START Given records

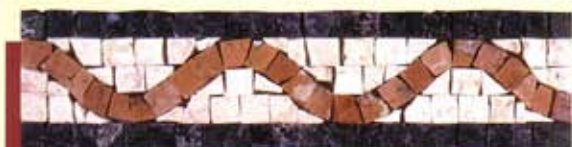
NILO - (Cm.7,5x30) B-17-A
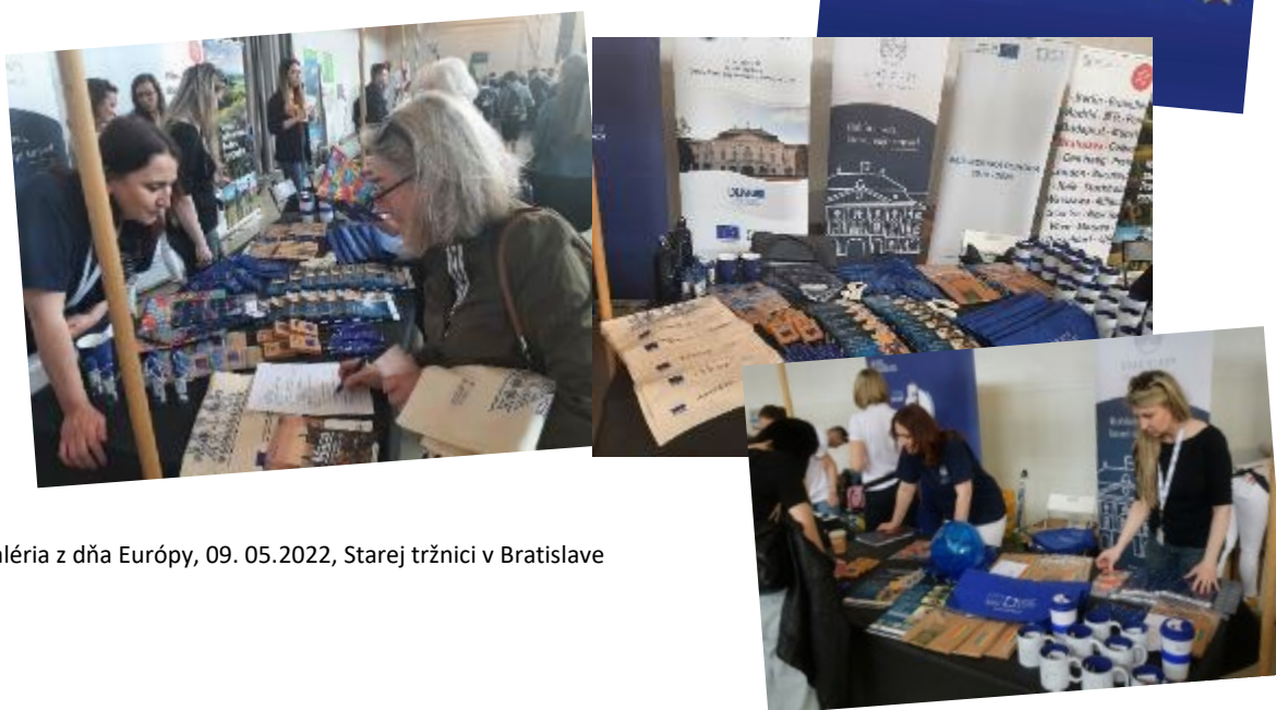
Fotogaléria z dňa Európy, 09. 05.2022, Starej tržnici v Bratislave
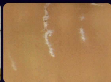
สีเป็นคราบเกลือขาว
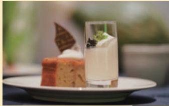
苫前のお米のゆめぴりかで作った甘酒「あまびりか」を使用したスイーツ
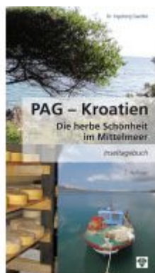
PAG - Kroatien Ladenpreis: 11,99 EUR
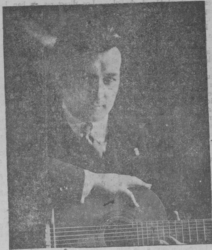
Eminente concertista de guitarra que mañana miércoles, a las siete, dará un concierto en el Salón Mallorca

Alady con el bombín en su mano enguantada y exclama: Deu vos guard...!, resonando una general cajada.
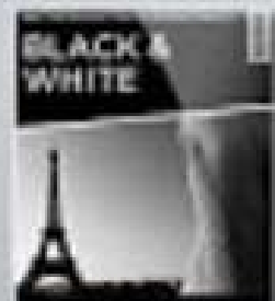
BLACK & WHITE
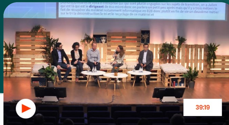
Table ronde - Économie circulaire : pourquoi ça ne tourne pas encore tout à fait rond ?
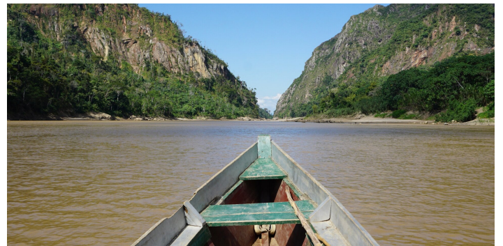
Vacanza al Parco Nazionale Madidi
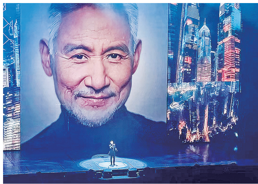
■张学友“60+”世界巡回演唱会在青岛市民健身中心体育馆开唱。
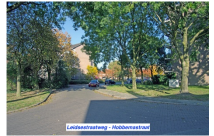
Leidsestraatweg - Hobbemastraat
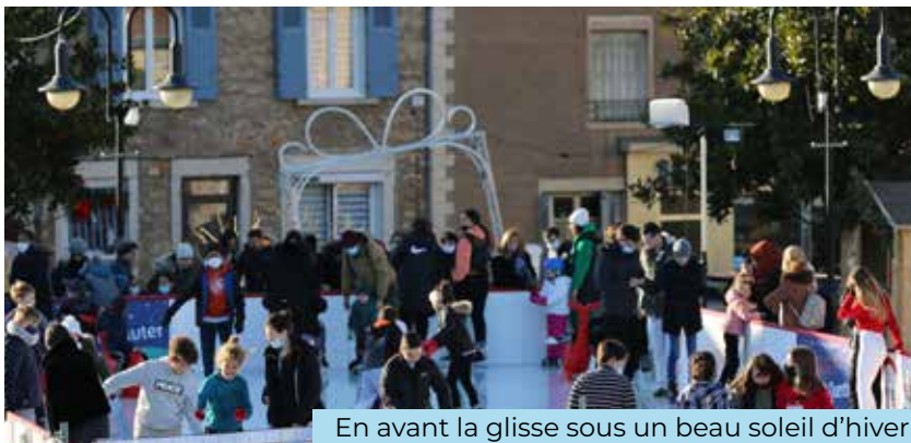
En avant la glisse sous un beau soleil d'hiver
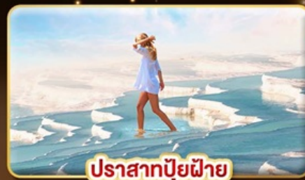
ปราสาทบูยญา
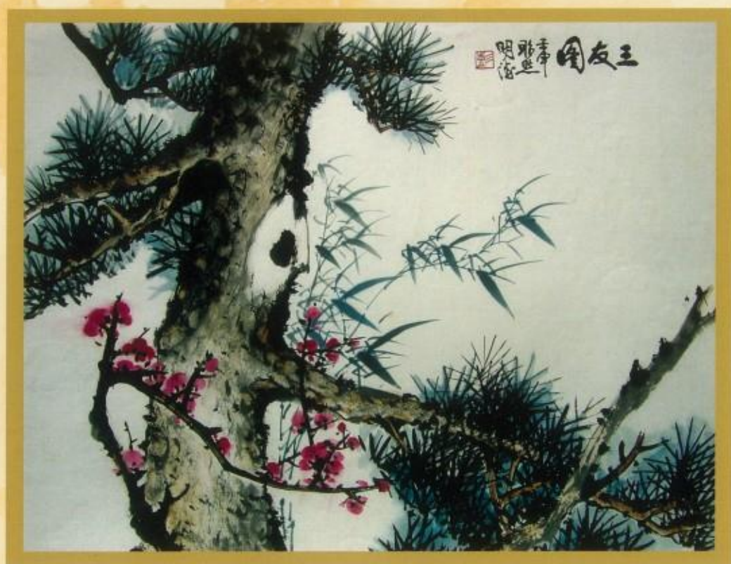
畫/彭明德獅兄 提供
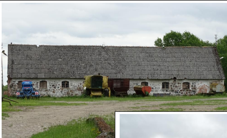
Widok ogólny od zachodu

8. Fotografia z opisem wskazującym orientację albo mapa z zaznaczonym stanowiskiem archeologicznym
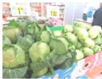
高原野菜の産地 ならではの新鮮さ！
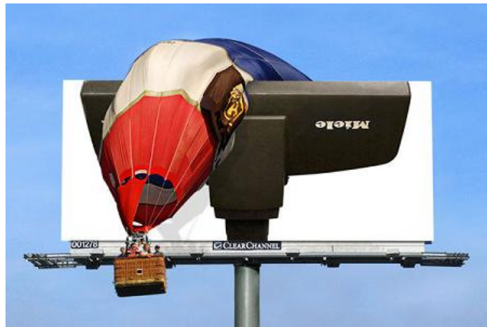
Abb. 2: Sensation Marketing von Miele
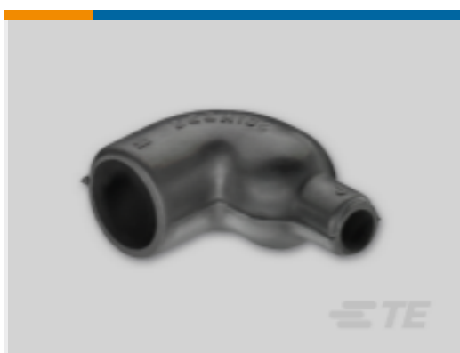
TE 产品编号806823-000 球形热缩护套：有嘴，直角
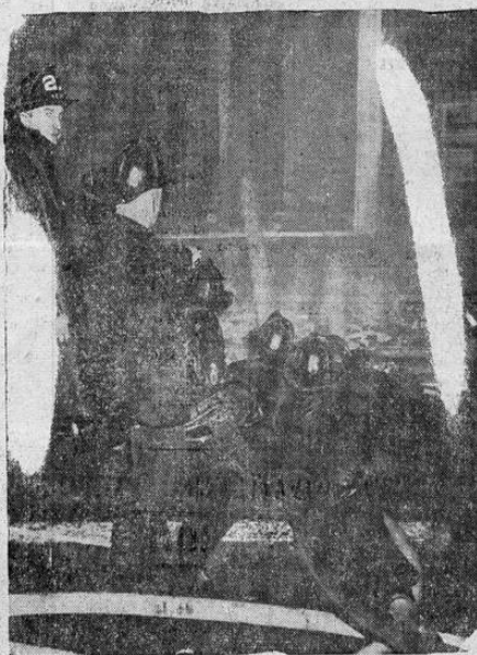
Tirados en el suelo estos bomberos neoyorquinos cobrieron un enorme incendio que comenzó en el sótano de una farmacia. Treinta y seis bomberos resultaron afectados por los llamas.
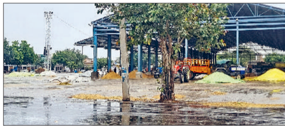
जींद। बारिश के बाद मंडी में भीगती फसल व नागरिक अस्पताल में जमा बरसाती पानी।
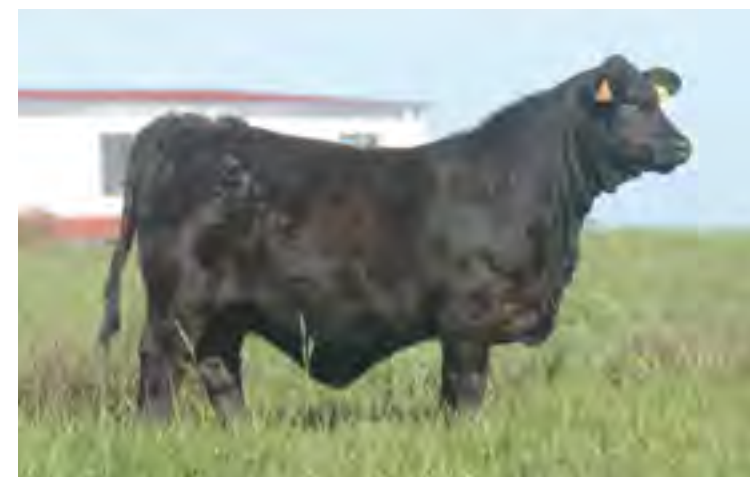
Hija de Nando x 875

END Given records

* [Work item]
Everything from the line that contains "En avant la" to the final line of the data is to be duplicated exactly, both ends included, except the pictures.

* [Solution]
En avant la glisse sous un beau soleil d'hiver
ปราสาทบูยญา
畫/彭明德獅兄 提供
Widok ogólny od zachodu

8. Fotografia z opisem wskazującym orientację albo mapa z zaznaczonym stanowiskiem archeologicznym
高原野菜の産地 ならではの新鮮さ！
Abb. 2: Sensation Marketing von Miele
TE 产品编号806823-000 球形热缩护套：有嘴，直角
Tirados en el suelo estos bomberos neoyorquinos cobrieron un enorme incendio que comenzó en el sótano de una farmacia. Treinta y seis bomberos resultaron afectados por los llamas.
जींद। बारिश के बाद मंडी में भीगती फसल व नागरिक अस्पताल में जमा बरसाती पानी।
Hija de Nando x 875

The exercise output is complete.